Томас снова опирается на стол и наклоняется в мою сторону.
– Если ты споешь, то я помогу тебе сбежать. Что-то мне подсказывает, ты не фанатка свадеб.
Я боялась говорить речь, потому что это достаточно интимно Мне пришлось бы быть искренней. Но песня… это куда более сокровенно.
– Пожалуй, я продолжу обдумывать речь.
Томас молчит пару минут, а потом говорит:
– Трусиха.
Я закатываю глаза.
– Неправда.
– Тогда докажи. А то знаешь… – Томас вращает указательным пальцем, как бы обводя амбар. – У нас быстро распространяются слухи. Представь, как люди удивятся, когда узнают, что наша злая по десятибалльной шкале Джемма на самом деле… трусиха. – Он лениво пожимает плечами.
– Ты смешон, – нервно фыркаю я. Он встречает мой убийственный взгляд своей вечной улыбкой. – Дурак.
Он улыбается еще шире. Еще ярче.
Еще чуть-чуть – и я плесну ему в лицо новую стопку текилы, которую сжимаю мертвой хваткой.
– Тебе кто-нибудь говорил, что от постоянных улыбок появляются глубокие мимические морщины?
– У меня есть ожоги, так что с морщинами как-нибудь справлюсь.
Я втягиваю воздух. Томас тоже пострадал при пожаре на ранчо. Не так сильно, как Гарри, но это оставило на нем след – не только душевный, но и физический.
Наш разговор снова сходит на нет, потому что я больше не собираюсь вступать в бессмысленные препирания, окутанные его улыбкой, которая слишком странно действует на мой организм, пропитанный текилой.
– Есть ли у нас гитара?! – встает и выпаливает сумасшедший мужчина, перекрикивая музыку. – У нас есть человек, который хотел бы спеть!
Мое сердце бьется где-то в горле, а возможно, вообще уже выскочило из тела и оказалось на столе. Все гости смотрят на двух людей, пытающихся убить друг друга взглядами. Если бы я могла, то выстрелила бы ему прямо в лоб. Но куча свидетелей все портит.

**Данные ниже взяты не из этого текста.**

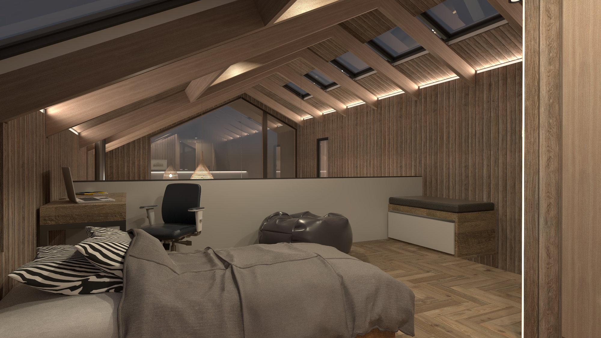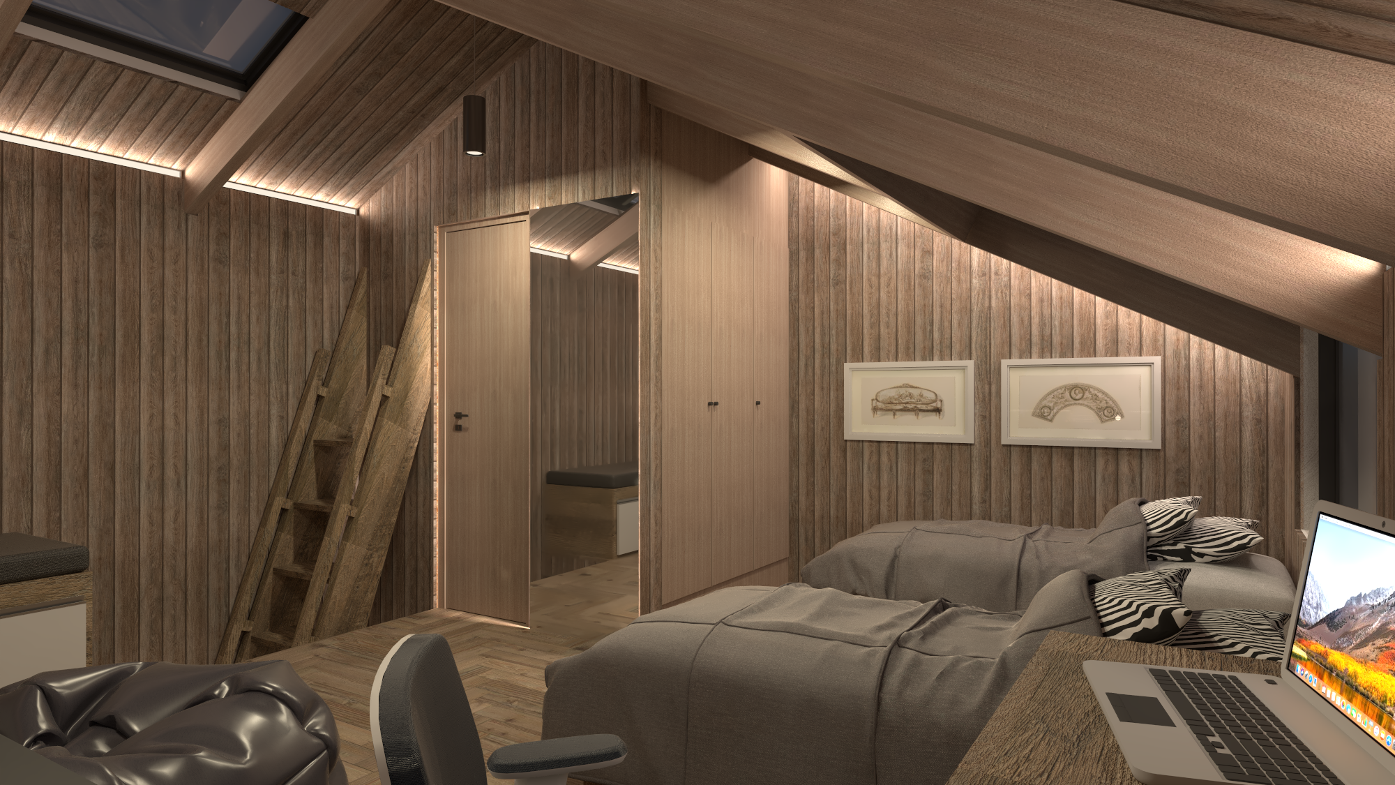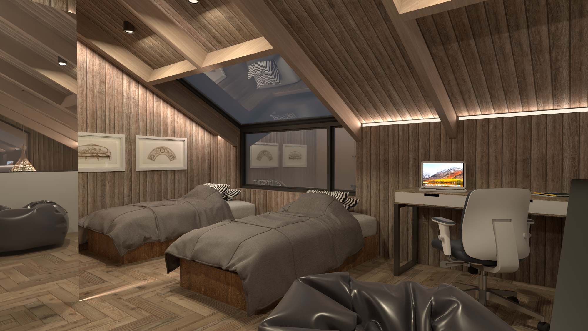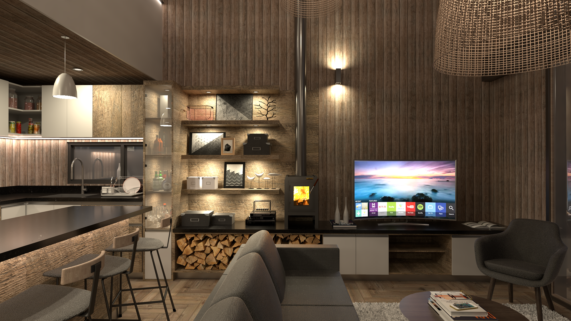 Cabaña Frio nombre inspirado en el Lago Frio de la Patagonia Chilena. Esta espectacular cabaña se caracteriza por espacios cálidos que te harán sentir en casa el programa arquitectónico incluye 1 habitación principal, 1 habitación secundaria dividida en dos niveles, 2 baños, 1 living y 1 cocina

Кто-то из гостей свистит, привлекая внимание Томаса. Его глаза чуть ли не блестят от азарта, когда он возвращает взгляд ко мне.
– Гляди-ка, гитара нашлась. Судьба, получается.
Конечно же, у нас есть гитара.
В этом городе можно было бы попросить отыскать иголку в стоге сена – и ее бы нашли всеобщими усилиями.
Томас склоняется над столом и шепчет:
– Человек, который избегает трудностей. Четыре буквы. Уверен, ты знаешь ответ.
«Трус».
Только я не такая.
Я выпиваю текилу, запрокинув голову, и с громким стуком ставлю стопку на стол.
Вздернув подбородок, встречаю взгляд Томаса и встаю из-за стола. Я задеваю его плечом, когда иду на центр танцпола.
– Ты не с той решил играть, милый мальчик Флэйминга.
Я стою посреди амбара и мне протягивают гитару. Волнение запускает дрожь по телу. Не обращая внимание на панику внутри, перекидываю ремень через плечо и быстро пробегаю по аккордам, проверяя, настроен ли инструмент.
К сожалению, он идеален.
Я прочищаю горло и нахожу глазами Лили и Марка. Они стоят неподалеку: Лили прислонилась спиной к груди Марка, а его руки лежат на ее животе.
– Лили и Марк… не знаю, как такие совершенно разные люди, как вы, смогли стать такой гармоничной парой, но… – Мой голос слегка дрожит. – Продолжайте быть друг для друга домом, из которого не хочется уходить. Даже если Лили перекрашивает все стены в розовый. Мне кажется, эта песня идеально вам подходит.
Я беру первый аккорд Carry You Home – Alex Warren и закрываю глаза.
Мои пальцы вслепую бегают по гитаре, а грудная клетка тяжело вздымается. Когда я пою, мир будто бы замирает.
Нет разочарований.
Нет проблем.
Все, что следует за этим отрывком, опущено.